Bref, se lancer dans une boulangerie-pâtisserie est un business prenant, nécessitant un
investissement conséquent et un fonds de roulement important. Cela dit, l’affaire peut générer, dès
la première année, des bénéfices alléchants.
Tout d’abord, il faut signaler qu’il n’existe pas de cahier des charges qui régit la profession. Hormis
les normes élémentaires de sécurité et d’hygiène qu’il faut respecter, ouvrir une boulangerie-
pâtisserie n’est soumis à aucune autre obligation.
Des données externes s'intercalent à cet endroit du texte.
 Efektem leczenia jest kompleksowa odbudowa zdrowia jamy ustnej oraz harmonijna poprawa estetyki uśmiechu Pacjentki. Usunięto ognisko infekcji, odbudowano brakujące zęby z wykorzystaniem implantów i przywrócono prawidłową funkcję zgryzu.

Une personne souhaitant se lancer dans le métier devrait entamer son investissement par le choix
d’un bon local, de 200 m2 idéalement, ayant pignon sur rue avec en moyenne 300 passages par
jour. La location est l’option la plus retenue car les locaux commerciaux restent chers à l’achat,
surtout dans les quartiers bien fréquentés et le coût d’investissement dans l’aménagement et
l’équipement du local est assez important.
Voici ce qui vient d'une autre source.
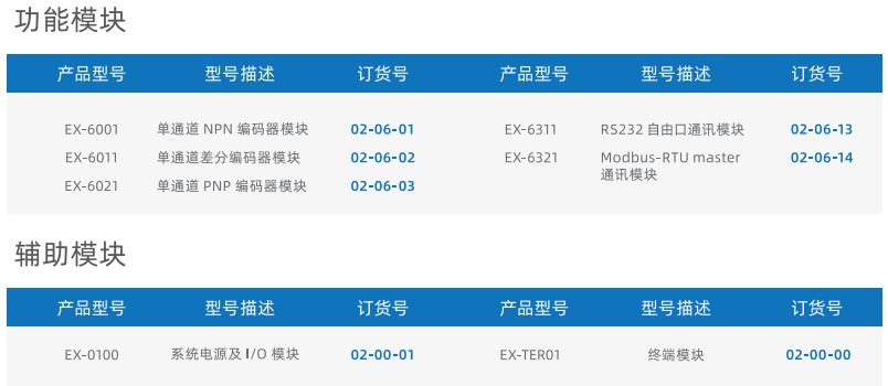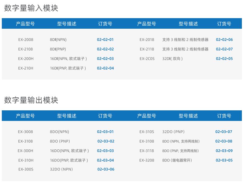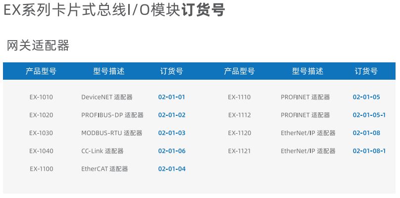 EX系列卡片式I/O模块由适配器模块、I/O模块、电源模块、终端模块组成。适配器可支持多种通讯总线,例如PROFINET、EtherNet/IP、EtherCAT、 DeviceNet 、Modbus RTU、PROFIBUS-DP 等等适配器模块通过将标准的通讯总线转换成本产品模块的通讯总线,用于扩展不同类型和数量的I/O模块。I/O模块可分为数字量输入模块、数字量输出模块、模拟量输入模块、模拟量输出模块以及功能模块。用户可以根据现场的实际需求进行搭配其中数字量输入模块、I/O模块和模拟量输入模块端口处设计有对外的供电接口,可以为现场的传感器提供电源无需另外增加端子排,可支持两线制和三线制传感器。单个模块I/O点数最大为32个点,单个适配器最大可扩展32个I/O模块。模块上设计有丰富的诊断功能以及状态指示,用户可以非常容易的识别模块当前的运行状态

Avant d’entamer l’aménagement et l’équipement, il faut penser à adapter son business à la classe
sociale de la clientèle du quartier. Ce qui peut faire varier les coûts d’investissement à la hausse
comme à la baisse, comme il peut orienter le choix des produits de pâtisserie et de boulangerie à
commercialiser.
Quoi qu’il en soit, l’aménagement d’un local de 200 m2 peut coûter la bagatelle de 600 000 DH.
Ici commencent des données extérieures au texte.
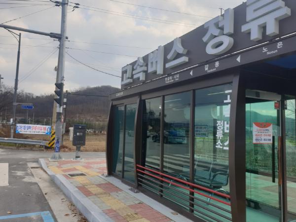 서충주신도시 인근의 중앙탑면 갈동마을 앞 고속버스 정류소를 경유하는 동서울행 고속버스는 오전 2회와 오후 3회, 총 1일 5회 운영된다.
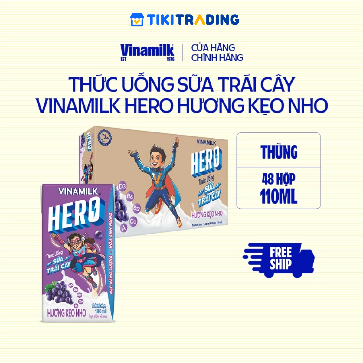 ✨Thùng 48 hộp thức uống sữa trái cây vị kẹo nho Vinamilk Hero 110ml

Car il faut prévoir un atelier séparé pour chaque segment d’activité, le matériel de travail n’étant
pas le même, encore moins la température ambiante. La partie devant comporter les vitrines,
présentoirs et comptoir doit, elle, être aménagée de sorte à mettre en valeur les produits et
favoriser un accueil de qualité de la clientèle. Il faut allouer 20 m2 minimum pour cette partie de la
boulangerie, le reste est à répartir entre les trois ateliers de travail. Il faut par ailleurs prévoir des
gaines d’aération afin de dégager la fumée entraînée par la cuisson de la pâte.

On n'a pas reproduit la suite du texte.